Estevao Toniato

Personal information
- Full name: Estevao Alvarenga Toniato
- Date of birth: 6 April 1979 (age 47)
- Place of birth: Brazil
- Position: Defender

Senior career*
- Years: Team / Apps / (Gls)
- -2000: Clube Atlético Mineiro
- 1999-2000: Uberlândia Esporte Clube→(loan)
- 2000: Social Futebol Clube
- 2001: S.L. Benfica / 0 / (0)
- 2001: Associação Desportiva Ferroviária Vale do Rio Doce
- 2001: Entrerriense Futebol Clube
- 2002-2003: Rio Branco Atlético Clube
- 2004: Sport Club do Recife
- 2004: Rio Branco Atlético Clube
- 2005: Império Toledo de Futebol
- 2005: Estrela do Norte Futebol Clube
- 2005-2009: Stade Tunisien
- 2009: Beijing Renhe F.C. / 26 / (0)
- 2010-2011: Rio Branco Atlético Clube
- 2012: Real Noroeste Capixaba Futebol Clube

= Estevão Toniato =

Brazilian footballer (born 1979)

Estevão Alvarenga Toniato (born 6 April 1979 in Brazil) is a Brazilian retired footballer who last played for Real Noroeste Capixaba Futebol Clube in his home country.

==Career==
Toniato started his senior career with Clube Atlético Mineiro.

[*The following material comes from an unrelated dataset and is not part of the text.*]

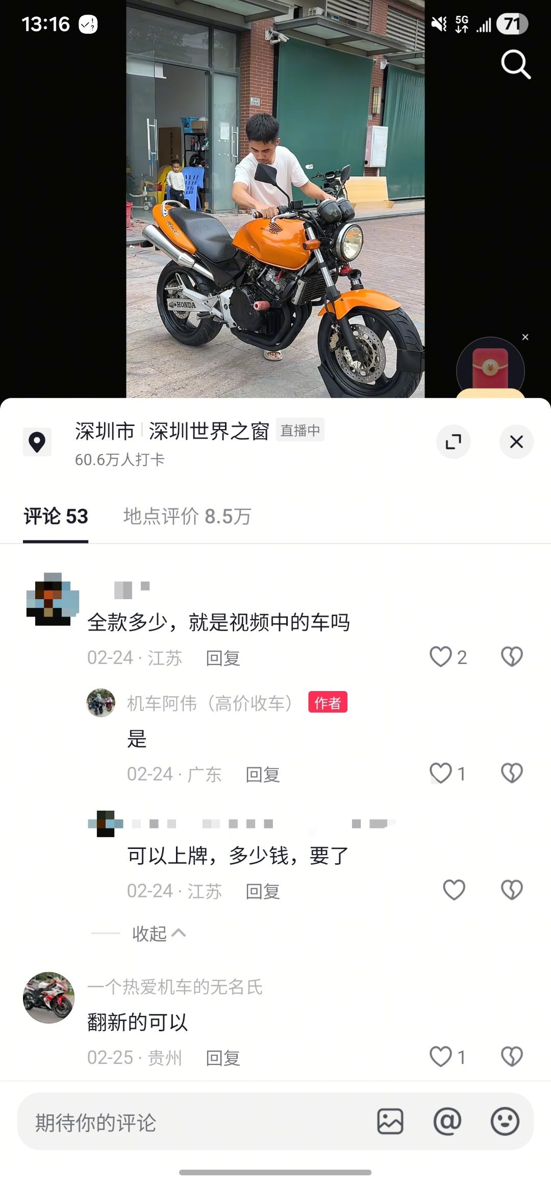 今天又在DY评论区学到了新知识——1、奔驰被淘汰了;2、小黄蜂250可以上牌哈哈
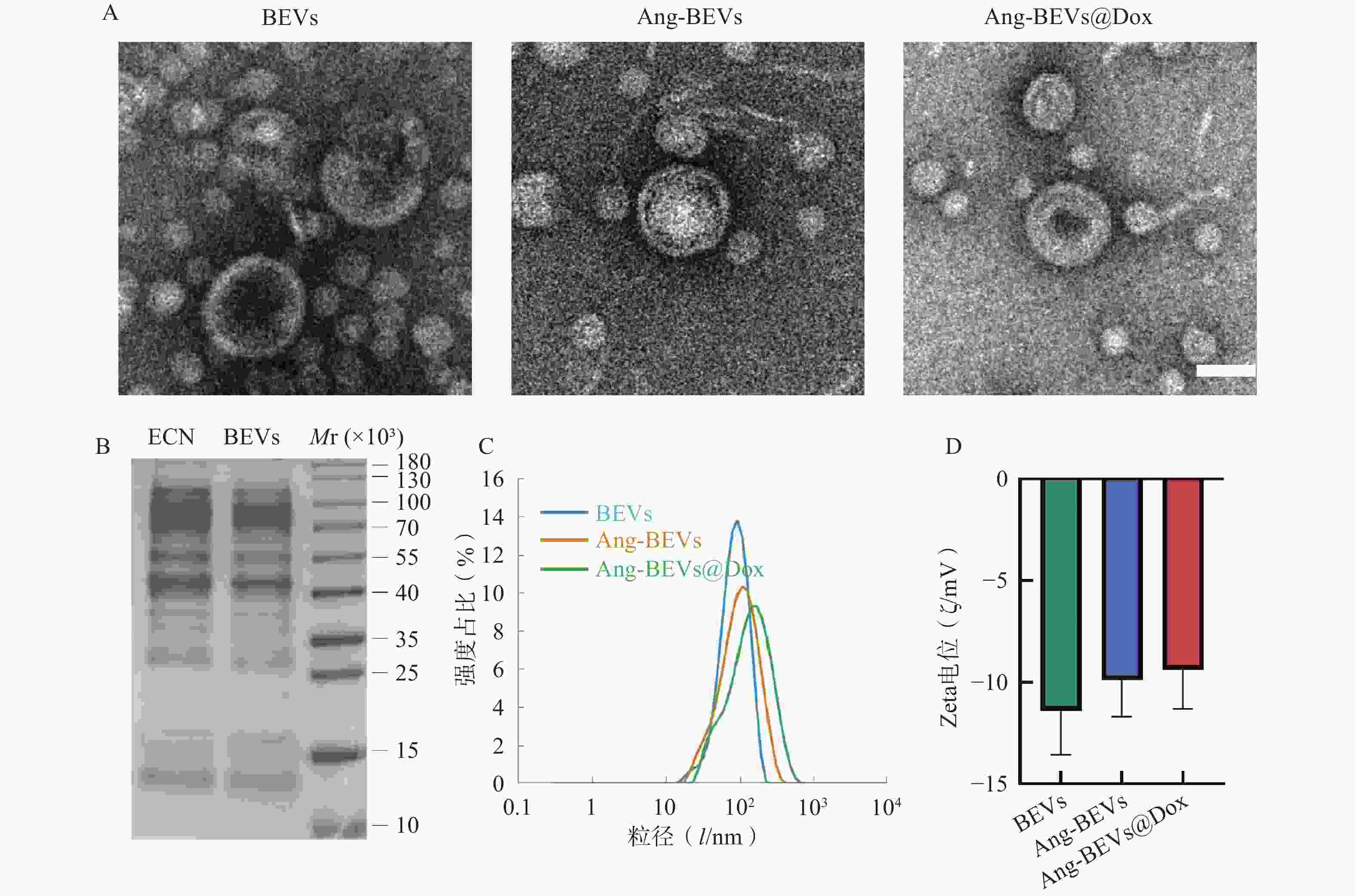 A. 不同组BEVs的电镜图像(标尺=100 nm);B. BEVs与ECN裂解产物SDS凝胶电泳蛋白图谱;C. DLS检测粒径分布;D. Zeta电位变化

After that, he played for Uberlândia Esporte Clube, Social Futebol Clube, S.L. Benfica, Associação Desportiva Ferroviária Vale do Rio Doce, Entrerriense Futebol Clube, Rio Branco Atlético Clube, Sport Club do Recife, Império Toledo de Futebol, Estrela do Norte Futebol Clube, and Stade Tunisien. In 2009, he signed for Beijing Renhe in the Chinese Super League, where he made twenty-six league appearances and scored zero goals.